Waffles aren’t a snack in our house but they are breakfast. Daily. Only the Blueberry ones though. I would love my kid to eat healthy but I’m not going to fight him at this point. Last night he had a cheese stick and BBQ pop chips for dinner. And this morning he inhaled a bowl of Wholegrain Cheerios. Win some, lose some. And some kids will eat anything, like my nephew, and his parents are pickier than my toddler so they are just lucky!

Kami
Kami
13 years ago

Let me just say it cracks me up that people judge what your kids are eating. Hello. My 5 year old gets everything we are having put on her plate for dinner, which is normally meat, potatoes, veggies, and a roll. Ok her newest phase is she picks 1-2 things and makes a meal out of them (asking for seconds) but leaves everything else untouched. I don’t bat an eye at this, hey she ate! One hour later she may say she is hungry, Mkay–so we get her a snack. This is my third child the other two are 20 and 17…TRUST me when I say pick your battles. This is such a minor thing and they grow out of it, my seventeen year old eats like a thrasher. Your boys are fine, the ones judging…well who the hell knows what’s up with that?!

Courtney
Courtney
13 years ago

Man, you are so much better at saying what’s on my mind than I am. Thanks!

Jennifer
13 years ago

What IS the deal with people and food these days. It has gotten to be a crazy heated debate. Everybody is spouting off about how healthy they eat, publishing their meal plans, refusing to eat anything that isn’t organic and cage-free and grass-fed and gluten-free.
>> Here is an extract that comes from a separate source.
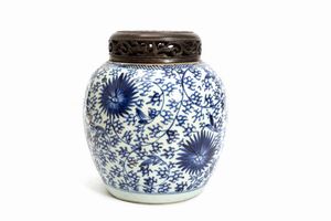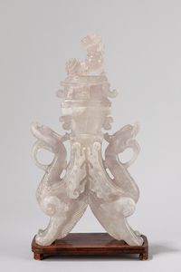 altezza cm 30,5; diametro cm 18,5 lieve scheggiatura sotto la base con base in legno
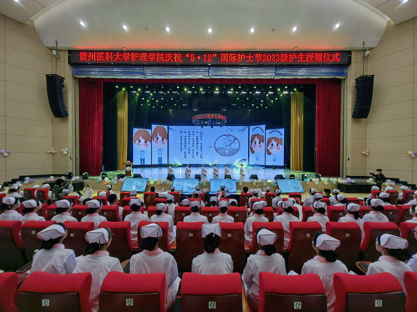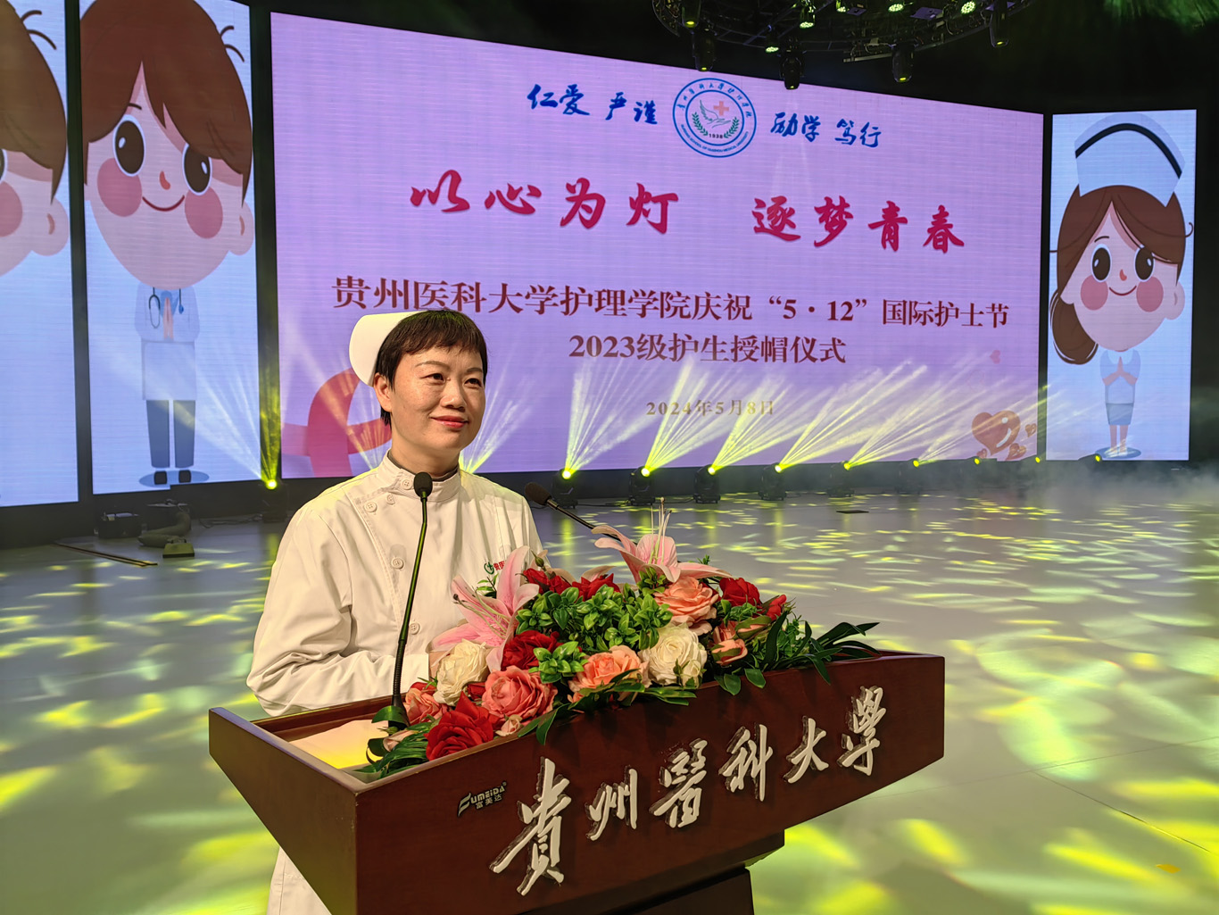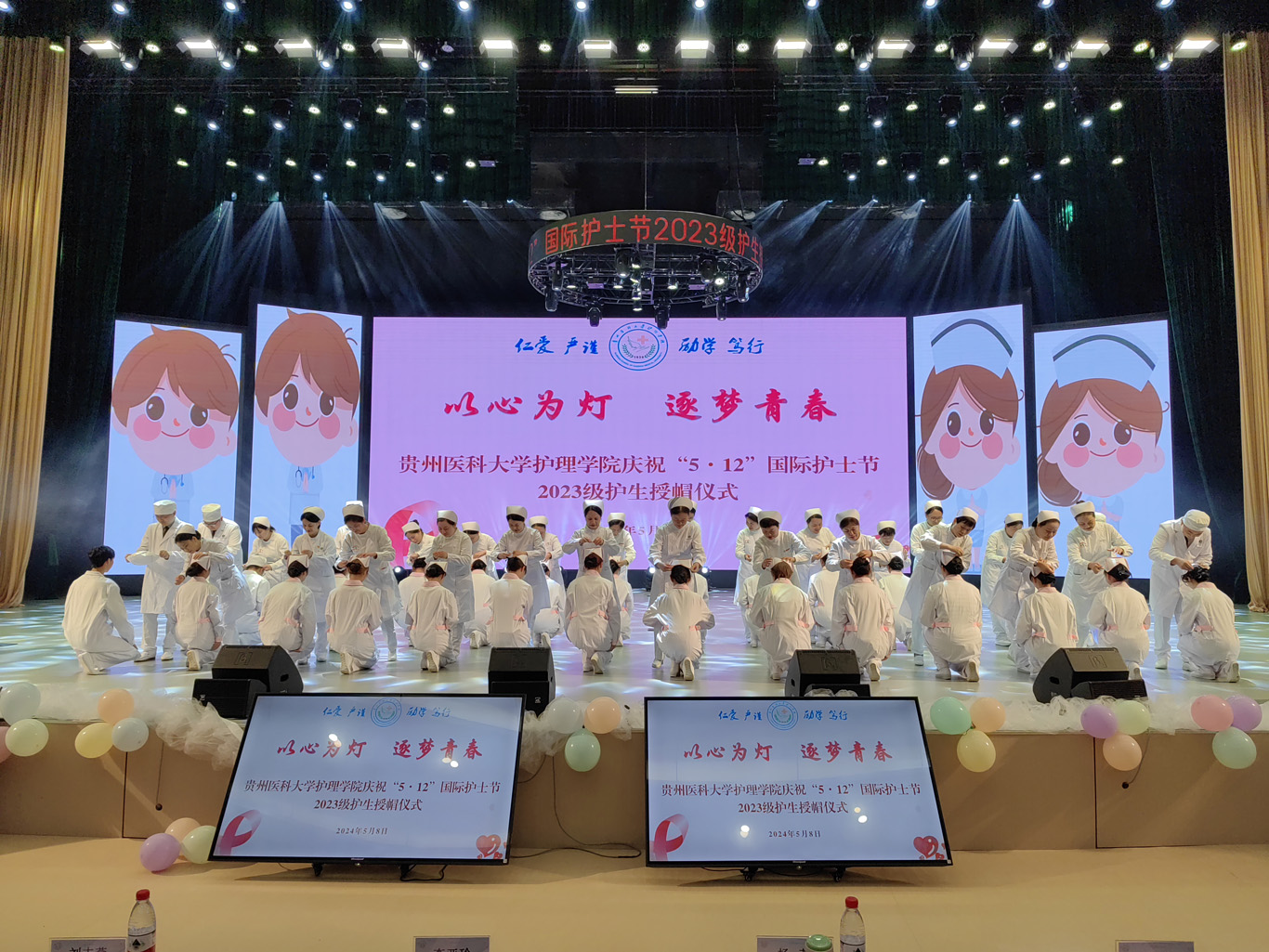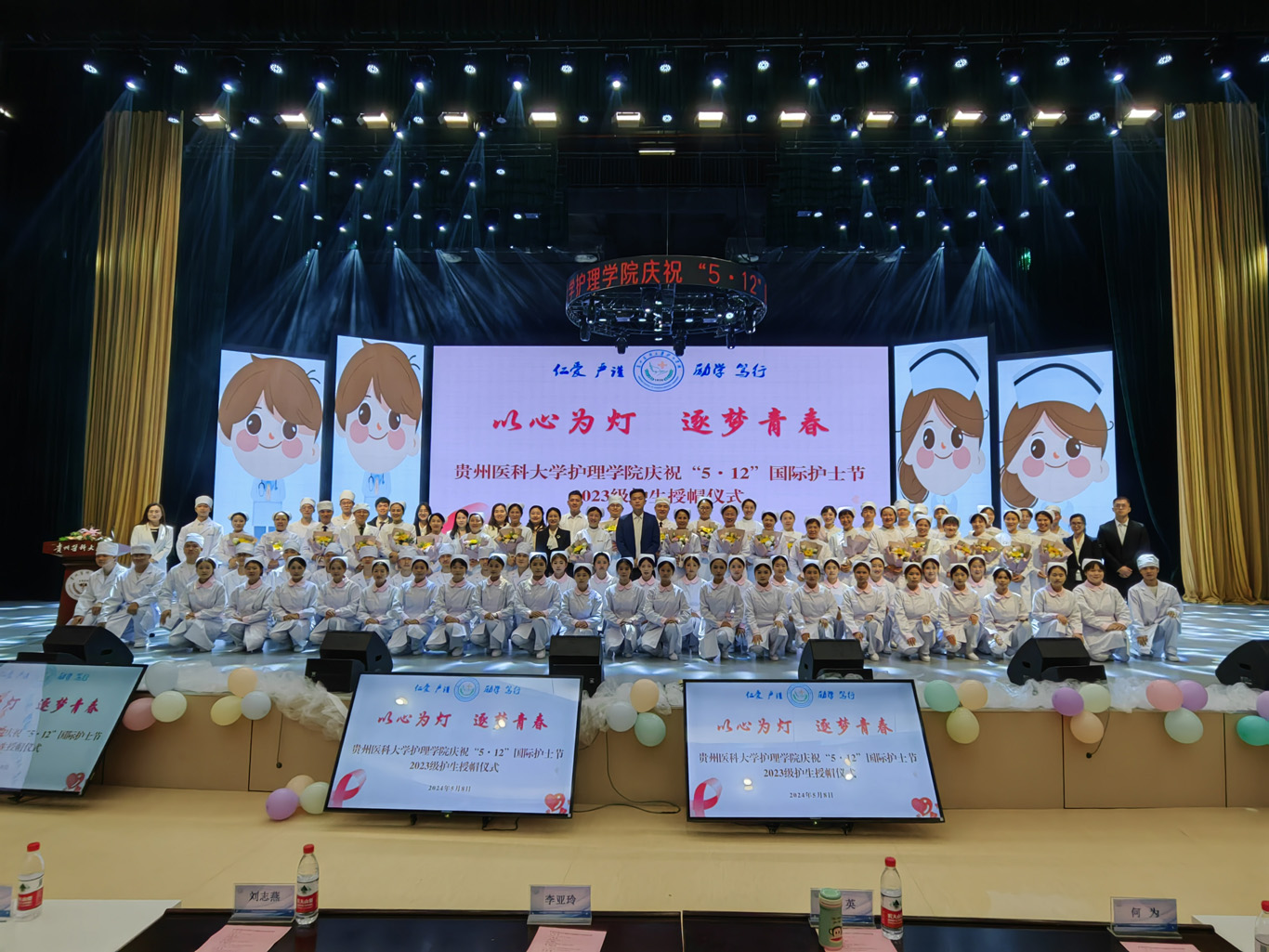 5月8日,在第113个5·12国际护士节到来之际,为弘扬救死扶伤和无私奉献的精神,培养护理学子的职业道德和理想信念,丰富校园文化生活,YABO鸭脖在云漫湖校区礼堂举办了以“以心为灯,逐梦青春”为主题的2023级护生授帽仪式,由28位优秀护理前辈为678名护生授帽传烛。学院领导班子、全院教职工及2022级、2023级学生参加本次授帽仪式,仪式由副院长王秀红主持。

It’s like eating healthy has become some sort of religion that I’m not quite devout enough to join.

akofaolain
akofaolain
13 years ago

People never cease to amaze me. I totally agree with you, I’m not going to have a big crying upset at dinner every night trying to force my son to eat something he doesn’t want. I’m happy if my kids are eating SOMETHING at this point (they’re 5 and 2). Yes, they eat goldfish and waffles and, OMFG, sometimes they have a donut!! I must be the worst mother ever!

MichelleH
MichelleH
13 years ago

I do like the grass-fed and the organic and the veggies and all that stuff….and it’s asshats like that woman who commented about the waffles that give people like me a bad name!!!!!! And I fully agree with those who say the food choices are getting like a religious affiliation which is why I don’t do much preaching. But I will say I get an equal amount of flack from friends and family for the choices I make–it seems there is just no “winning” (as if that were really the goal). No matter what direction you go, someone will have a problem with it. But those types of commenters just make me CRAZY. This waffle lady has been crouched in a corner waiting for DAYS for the opportunity to strike (talk do a dietician!!! Waffles are not a snack!!! What next?? Bacon grease in a sippy cup?!?)Linda, when I went through comments just now it seemed the vast majority were sane, non-idiots who seemed to be behind you, so take heart in that, at least.

three
three
13 years ago

almost forgot! Obviously the poster said that Triscuts are garbage has not tried the cracked pepper and olive oil flavour. Oh my yum. I can eat those suckers like potato chips!

Stephanie
Stephanie
13 years ago

Of course waffles are a snack – so are Danimals (that drinkable yogurt crap that I secretly covet), Quaker Oatmeal Squares cereal, cheese sticks and mac and cheese. And for dinner, my kid eats fish sticks and chicken nuggets AND greasy BEEF taquitos in CORN tortillas with RANCH DIPPING SAUCE. So there all you f-ing health freaks. Incidentally, he also drinks water by request, eats filet mignon, turkey tenderloin and chicken breasts, celery, bell peppers and I swear that he’s got the same hummus addiction that I do. You offer it, they try it, and sometimes we win and sometimes we don’t. I say, if they eat something, it’s a victory. You go, Linda. And I always want to eat those leftover bits, too. Especially the taquitos – YUM.

Sunshyn
13 years ago

I’ve found my kid will eat stuff at school and daycare that he won’t touch at home. Go figure. At home he’s all about cheese, pickle, and mayo sandwiches on white bread. And yes, he’s already overweight at age 8, over 100 pounds and only 4’4″. He’s on ritalin, and somehow that makes kids fat. But the alternative is a boy who spins right out of the classroom. My little baby omnivore turned into a kid who just can’t be reasoned with. He won’t eat most fruits or veggies at all. I’m hoping that when he learns about nutrition on his own, he will learn to make his own healthy choices. I have to pick my battles carefully. My mom fighting me over food made me into a fat teenager who has had a lifelong weight battle of her own, and I dont’ want to set that sort of thing in motion for him. Fat runs in the family. He’s chunky now, but hopefully he’ll add some height without adding a bunch more weight and grow into his chub. Stupid ADHD and damn, damn DAMN autism.

Sarah
Sarah
13 years ago

My humble pie comes in the form of all the advice I gave to friends/sibs BEFORE I had kids. ;) My son was a crappy sleeper from 4 months on (worse I think than Dylan given what you’ve written), and has never been a huge fan of food. He prefers his calories in milk form (mama milk, cow’s milk). He’s a giant of a 2.5 year old and maybe his speech delay was related to interruppted nights sleep or too little solid food but I’m firmly in the “you can not make another human eat, sleep or go to the bathroom” camp. It’s just not possible.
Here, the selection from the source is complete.